Moscow has taken note of the speech of US Under Secretary of State John R. Bolton, which he made at the Conference on Disarmament in Geneva setting forth the main elements of the policy of the administration of George W. Bush in the area of international security and disarmament. Russia shares the understanding of the need for the maximum concentration of the international community's efforts on the fight against international terrorism and on counteraction against new threats and challenges. Likewise one cannot but agree with the US proposals for the building-up of efforts to strengthen the internationally recognized nonproliferation standards and regimes, and to prevent the slightest possibility of weapons of mass destruction being turned into an instrument of blackmail and terror.
Yet Moscow is convinced that the most important aspect of the consolidation of strategic stability and international security under today's conditions must be the preservation and strengthening of the existing arms control and nonproliferation treaties and agreements.

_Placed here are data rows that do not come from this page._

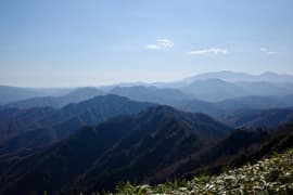 西には南会津の山々が広がる。こちらも馴染みが薄い。中央の山塊は土倉山のようだ。立派な山容で、いつか登ってみたい。彼方には尾瀬から会津駒にかけて長々となだらかなスカイラインが横たわる。北面は阿賀野川源流の荒海川の谷を俯瞰し、七ヶ岳を望む。
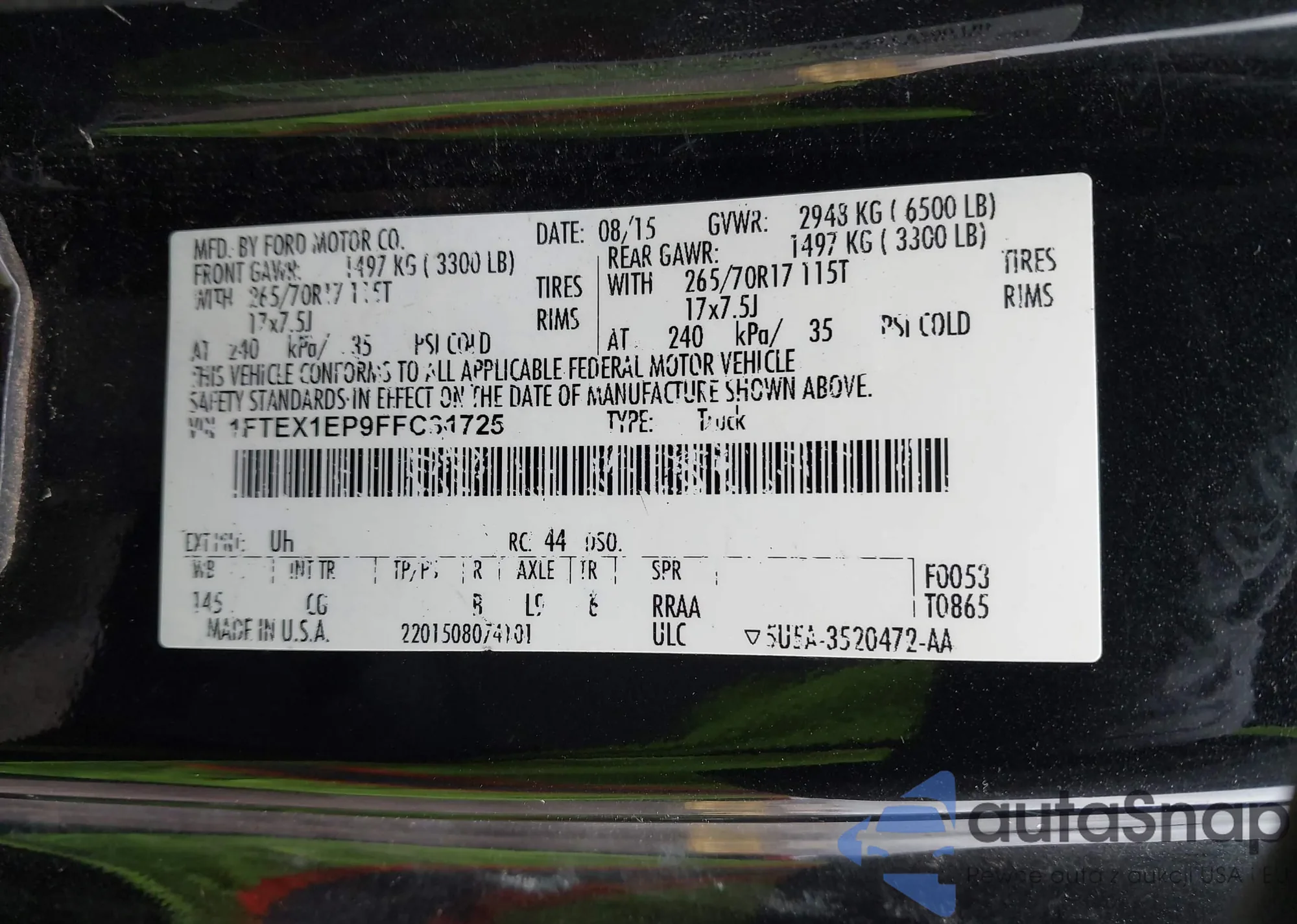 • VIN 1FTEX1EP9FFC31725
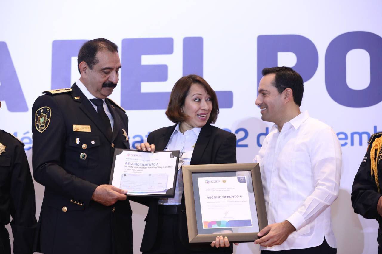 Acompañado del titular de la SSP, Luis Felipe Saidén Ojeda, Vila Dosal entregó reconocimientos a su destacada labor por mantener y cuidar la paz social del estado, a 476 policías y 628 elementos entre operativos y administrativos que cumplieron de 10 a 40 años de servicio dentro de la corporación policíaca.

At the same time a whole series of US approaches to disarmament problems - and they found again their reflection in the Bolton speech - objectively complicate the situation, and undermine the international legal system in the disarmament field. It is the United States' decision to withdraw from the ABM Treaty of 1972, which Russia considers erroneous. It is the unwillingness of Washington to ratify the START-2 Treaty, and the Comprehensive Nuclear Test Ban Treaty, its rejection of the continuation of work on the verification mechanism under the Convention on the Prohibition of Biological Weapons. In spite of the support by the overwhelming majority of countries for the start of the negotiation process on averting an arms race in outer space at the Conference on Disarmament, in fact the US alone does not see any need for this.
Russia regards the Conference on Disarmament as a unique international negotiation forum for the elaboration of universal disarmament agreements. In the conditions of globalization we see no way of dealing with international problems except on the basis of extensive cooperation among states. We once again declare our readiness for the search of mutually acceptable solutions as to the commencement of the substantive work of the Conference in the spirit of the compromise proposals already made by the Russian side on the program of work.